Automated Formalization via Conceptual Retrieval-Augmented LLMs

Wangyue Lu, Lun Du, Sirui Li, Ke Weng, Haozhe Sun, Hengyu Liu, Minghe Yu, Tiancheng Zhang, Ge Yu

cs.AI Aug 9, 2025 · v1

autoformalization mathlib theorem-proving-ml

Read PDF arXiv abstract Code

TL;DR

CRAMF builds a concept-definition knowledge base from Mathlib4 to retrieval-augment LLM autoformalization of math into Lean 4.

Abstract

Interactive theorem provers (ITPs) require manual formalization, which is labor-intensive and demands expert knowledge. While automated formalization offers a potential solution, it faces two major challenges: model hallucination (e.g., undefined predicates, symbol misuse, and version incompatibility) and the semantic gap caused by ambiguous or missing premises in natural language descriptions. To address these issues, we propose CRAMF, a Concept-driven Retrieval-Augmented Mathematical Formalization framework. CRAMF enhances LLM-based autoformalization by retrieving formal definitions of core mathematical concepts, providing contextual grounding during code generation.
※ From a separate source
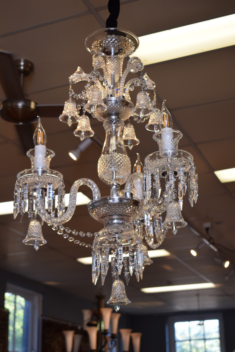 A THREE GLOBE HOBNAIL CUT CRYSTAL CHANDELIER (80H x 46D CM) (LEONARD JOEL DELIVERY SIZE: LARGE)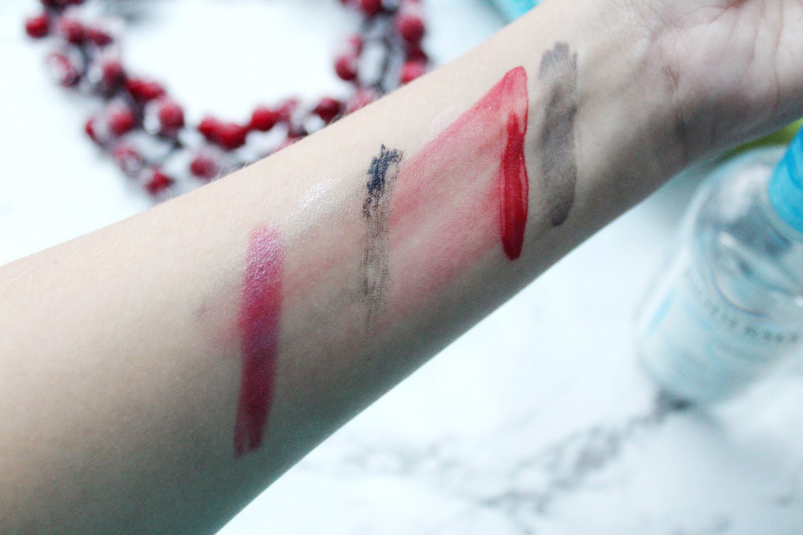 Для наглядности я нанесла на руку: (слева направо) водостойкий карандаш для губ GOSH, хайлайтер Solstice, тушь, камуфляж от CATRICE, стойкую матовую помаду Matte Me и тени в стике GOSH.

However, applying retrieval-augmented generation (RAG) in this setting is non-trivial due to the lack of structured knowledge bases, the polymorphic nature of mathematical concepts, and the high precision required in formal retrieval. We introduce a framework for automatically constructing a concept-definition knowledge base from Mathlib4, the standard mathematical library for the Lean 4 theorem prover, indexing over 26,000 formal definitions and 1,000+ core mathematical concepts. To address conceptual polymorphism, we propose contextual query augmentation with domain- and application-level signals. In addition, we design a dual-channel hybrid retrieval strategy with reranking to ensure accurate and relevant definition retrieval. Experiments on miniF2F, ProofNet, and our newly proposed AdvancedMath benchmark show that CRAMF can be seamlessly integrated into LLM-based autoformalizers, yielding consistent improvements in translation accuracy, achieving up to 62.1% and an average of 29.9% relative improvement.

Problem

Automated formalization faces two challenges: model hallucination (undefined predicates, symbol misuse, version incompatibility) and semantic gaps caused by ambiguous or missing premises in natural language descriptions.

Approach

CRAMF is a Concept-driven Retrieval-Augmented Mathematical Formalization framework that retrieves formal definitions of core mathematical concepts from a structured knowledge base to provide contextual grounding during code generation. The knowledge base is automatically constructed from Mathlib4, indexing over 26,000 formal definitions and 1,000+ core concepts. Contextual query augmentation addresses conceptual polymorphism, and a dual-channel hybrid retrieval strategy with reranking ensures accurate definition retrieval.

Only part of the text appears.